Problem requirements → In the records below, repeat exactly the lines between the line holding "Vintage 13Tpi Spear" and the line holding "Тази компактна кутия", inclusive, and drop the pictures.

[Data excerpts]
= = =
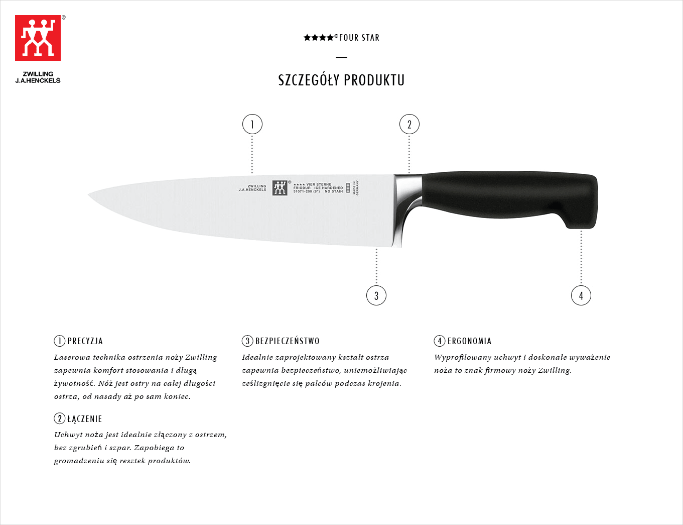 Seria noży Four Star powstała ponad 30 lat tem rewolucjonując standardy dla wysokiej jakości noży dla szefów kuchni za pomocą bezszwowego, całkowicie jednolitego uchwytu. Klasyczne arcydzieło bezpieczeństwa, ergonomii i komfortu to wciąż najlepiej sprzedająca się seria noży na całym świecie. Wykonana została z bardzo trwałego tworzywa odpornego na przebarwienia, działania kwasów spożywczych czy uderzenia. Perfekcyjnie dopracowane detale zapobiegają osadzaniu się brudu, spełniając dzięki temu normy higieniczne. Dzięki samoostrzącemu blokowi hartowane lodem ostrza tych doskonałych narzędzi będą niezmiennie ostre, zachowując perfekcyjne właściwości tnące na cały czas użytkowania
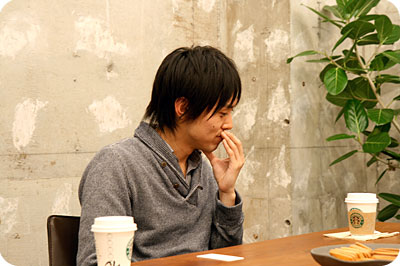 | 白岩 | でも、人間の意識って、なにかの風景を そんなに鮮明に認識してないですよね。 もっと、いい加減なもんでしょう? だから、景色とか状況を 綿密に描写している小説があるとして、 もちろんそれはそれで読む側からすると すごいなとは思うんですけど、 読んでいて、ついていけなくなるときもあるし、 そもそもそんなに意識しいへんやろ っていうような気持ちもあるし。 なんか、そのあたりが、自分が小説を読んでて つねに引っかかる部分なんですよね。 だからぼくは背景として見えてるものを そんなに書かないんですし、 もっと人間の意識に沿った書き方が できるんじゃないかと思っているんです。 |
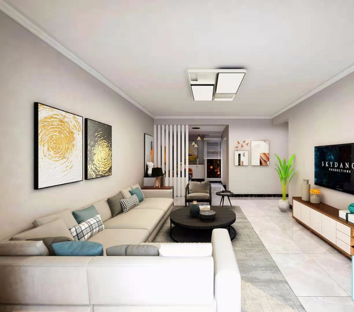 客厅以餐厅之间,选用屏风隔断作为区域划分
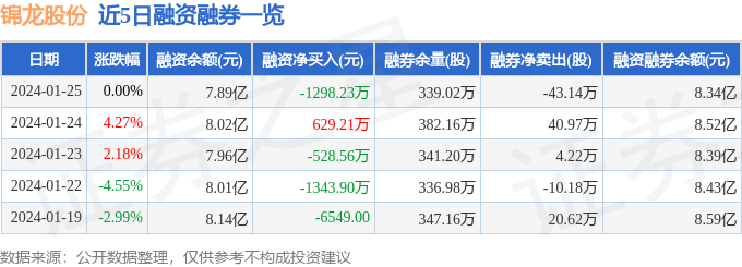 锦龙股份融资融券信息显示,融资方面,当日融资买入4261.37万元,融资偿还5559.6万元,融资净偿还1298.23万元。融券方面,融券卖出33.87万股,融券偿还77.01万股,融券余量339.02万股,融券余额4475.11万元。融资融券余额8.34亿元。近5日融资融券数据一览见下表:
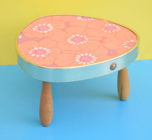 Vintage 1950s Mini Table - Plant / Lamp - Peach / Pink / Purple Flower Power
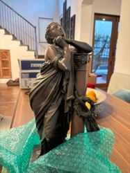 Neoclassical Bronze Sculpture of a Female Allegorical Figure Leaning on an Ionic Column
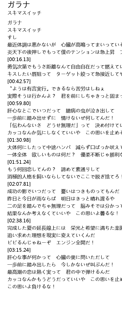 | [03:38.81] | カッコなんかもうどうだっていいや この思いを止めるな |
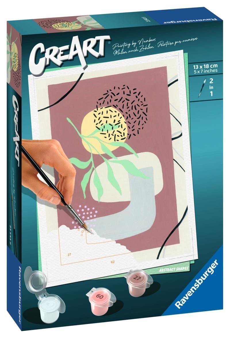 CreArt - this is creative fun literally for everyone. Become a professional painter for a moment and paint your own picture. Gradually color the individual areas according to the instructions (each number on the canvas corresponds to a specific color) and enjoy the joy of creative work that will keep you entertained for hours. Painting is a great activity that not only entertains but also exercises dexterity, improves concentration, and guarantees satisfaction and a sense of pride for all artists. The set includes everything you need for painting: high-quality, sturdy cardboard base with a picture template featuring numbered areas, a set of acrylic paints, a brush, a cardboard stand for the paint cups, and a frame. The colored areas create a professionally looking artwork. Once you finish the painting, let it dry and frame it in the frame included in the package. Painting has never been so easy.
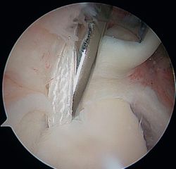 Arthroscopic SLAP II repair (right shoulder) using the posterior approach (soft point) and knotless anchors. f) Placing the anchor (knotless) to fix the tear backwards.
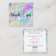 say big thank you and show your love and customer appreciation with this modern script card with the heart and holographic background, inviting them to purchase again, leave a review and tag you on social media. You can change the colours of the heart, text and icons to fit your branding
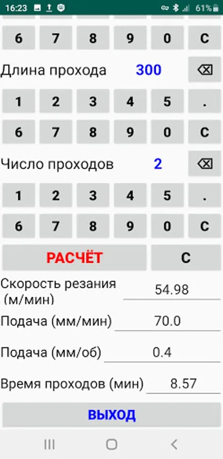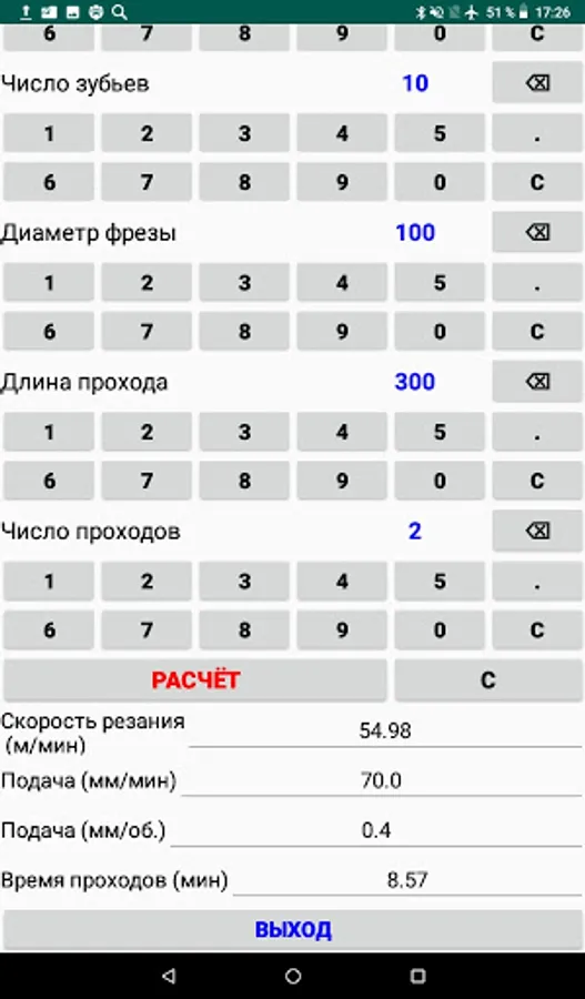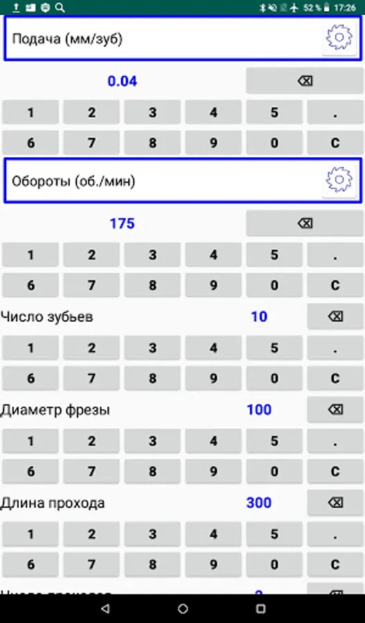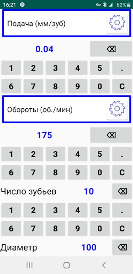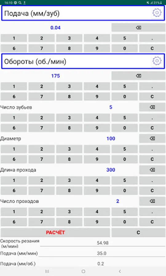 input feed (mm / tooth) calculation feed (mm / min) and (mm / rev),
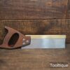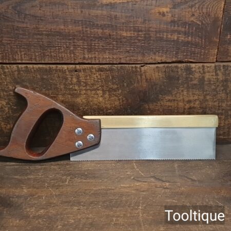Vintage 13Tpi Spear & Jackson 10” Brass Back Dovetail Saw with a Mahogany Handle, sharpened ready for use and in good used condition. The saw has been thoroughly cleaned, jointed, resharpened and set by hand so that all the hard work of getting an old vintage saw right has been undertaken. We do this so that the next sharpening is easier and no more than a quick freshen up would be required. Those who are familiar with sharpening will know this is no small job and requires skill, effort and time to achieve good results.
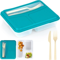 Тази компактна кутия за обяд с разделение на 3 части поддържа основното ястие, салатата и снакса прегледно отделени. Капакът в тюркоазен цвят крие практични прибори – нож и вилица – така че всичко е под ръка, където и да сте. Безопасната изработка без BPA е щадяща за здравето и храната.
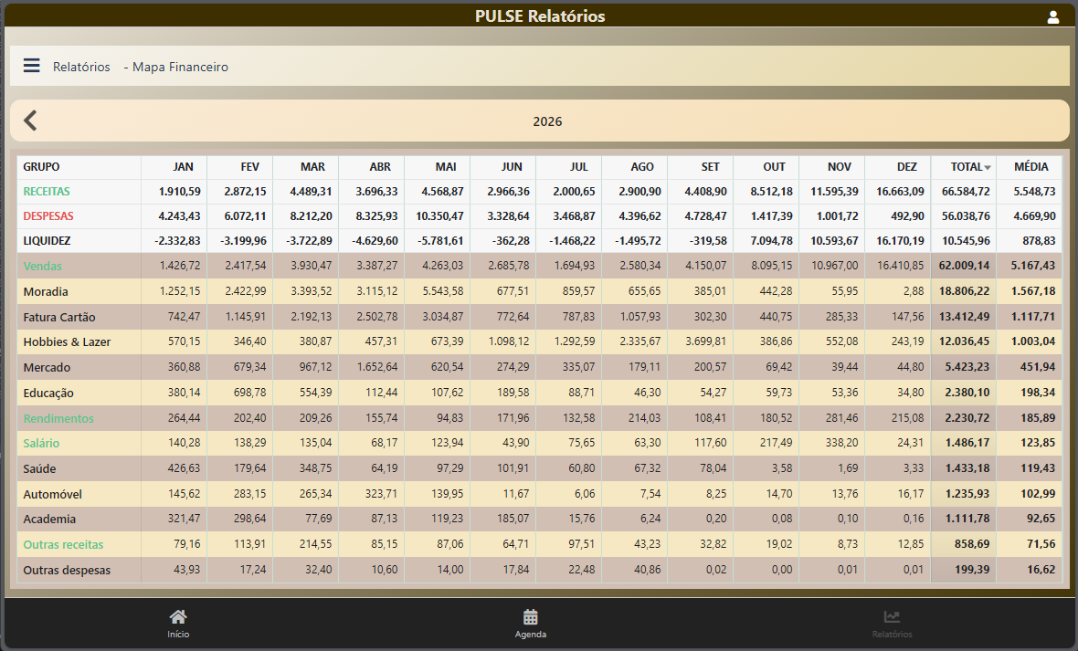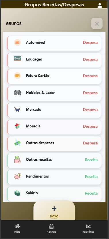 crie, edite e ajuste grupos de receitas e despesas conforme sua realidade
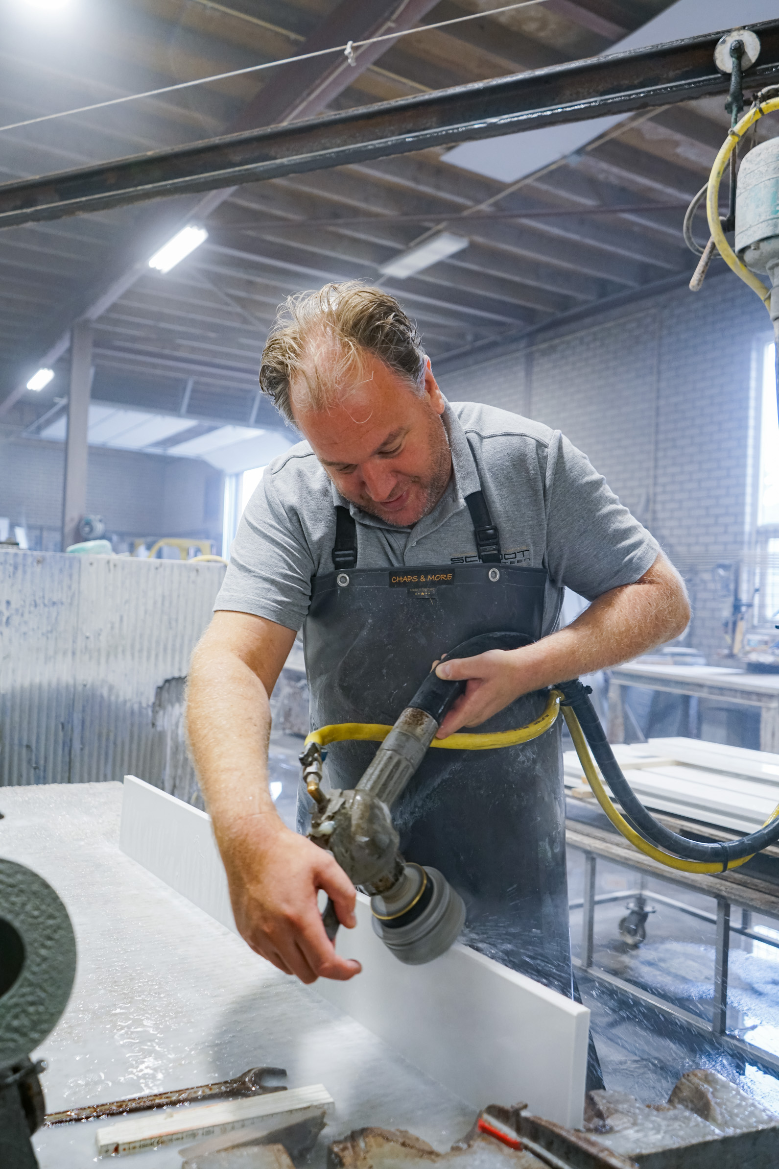De natuurstenen deurdorpels worden bijna volledig zelf geproduceerd in onze steenhouwerij in Nijmegen. Wij beschikken daarvoor over alle benodigde kennis en expertise, evenals de juiste apparatuur, om producten van hoge kwaliteit te leveren. Hierdoor kunnen wij maatwerk bieden en zorgen voor een perfecte afwerking, geheel afgestemd op jouw wensen.
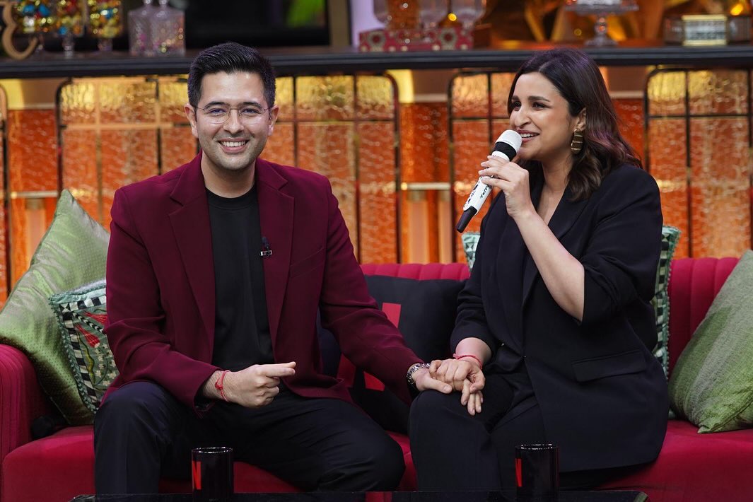 दरअसल, राघव चड्ढा और परिणीति चोपड़ा कपिल शर्मा के कॉमेडी शो द ग्रेट इंडियन कपिल शो (The Great Indian Kapil Show) में आए और इस दौरान उन्होंने कई मजेदार किस्से शेयर किए। इस बीच उन्होंने एक ऐसा हिंट दे दिया जिसने परिणीति को भी दंग कर दिया। हुआ यूं कि लेटेस्ट एपिसोड में कपिल ने कपल के साथ अपना किस्सा शेयर किया कि कैसे जब परिणीति उनके घर आईं तो उनकी मां सीधे ग्रैंडकिड मोड में चली गईं। उन्होंने कपल को या तो जल्दी योजना बनाने या कुछ पारिवारिक दबाव के लिए तैयार रहने की सलाह दी।
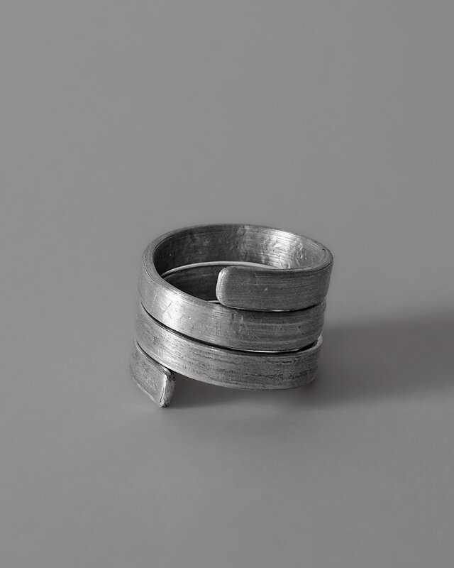 白い像を静かにたたえる、フリーサイズの錫リングです。
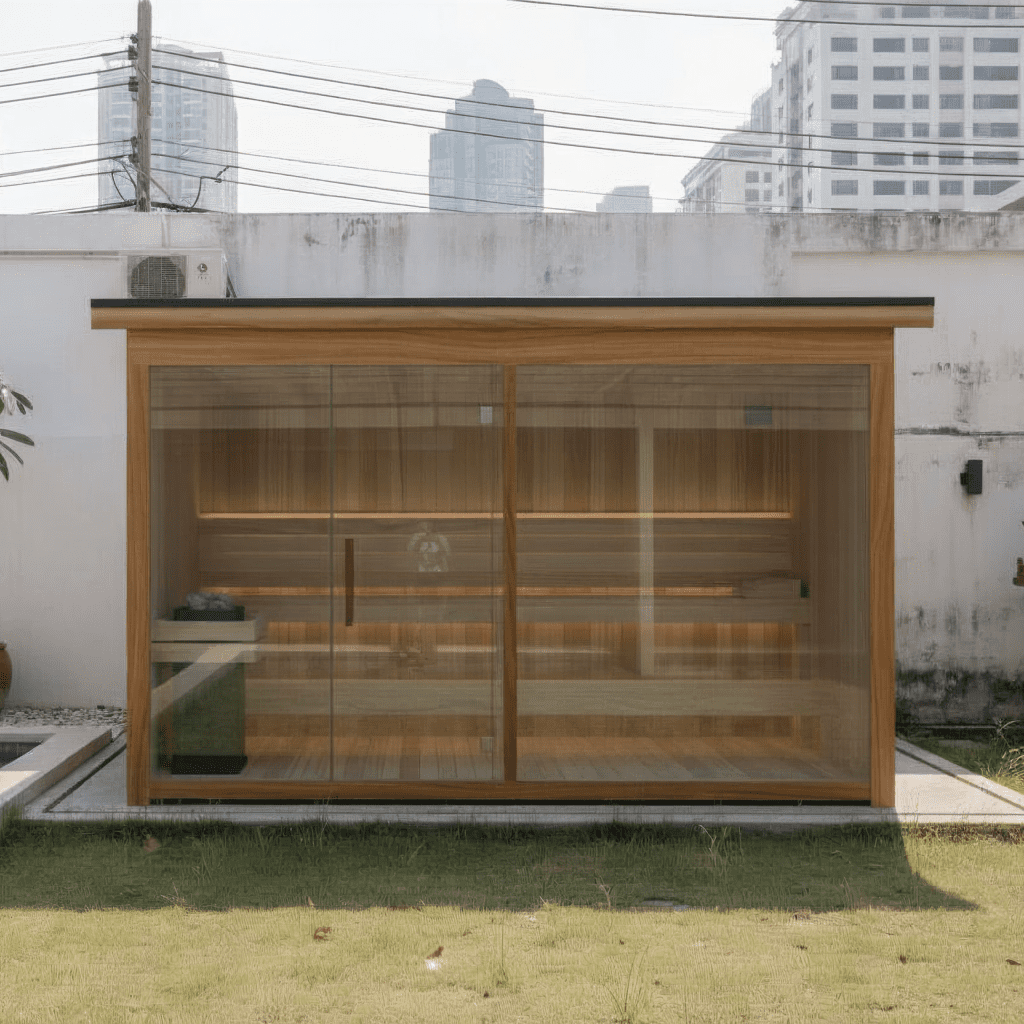 Proper timber selection. Red cedar, thermo pine, or quality spruce that’s been kiln-dried and (ideally) treated for tropical conditions. Teak works exceptionally well for outdoor saunas here. Avoid cheap, untreated softwoods that will warp, crack, or attract termites.
= = =
Solution to this exercise →
Vintage 13Tpi Spear & Jackson 10” Brass Back Dovetail Saw with a Mahogany Handle, sharpened ready for use and in good used condition. The saw has been thoroughly cleaned, jointed, resharpened and set by hand so that all the hard work of getting an old vintage saw right has been undertaken. We do this so that the next sharpening is easier and no more than a quick freshen up would be required. Those who are familiar with sharpening will know this is no small job and requires skill, effort and time to achieve good results.
 Тази компактна кутия за обяд с разделение на 3 части поддържа основното ястие, салатата и снакса прегледно отделени. Капакът в тюркоазен цвят крие практични прибори – нож и вилица – така че всичко е под ръка, където и да сте. Безопасната изработка без BPA е щадяща за здравето и храната.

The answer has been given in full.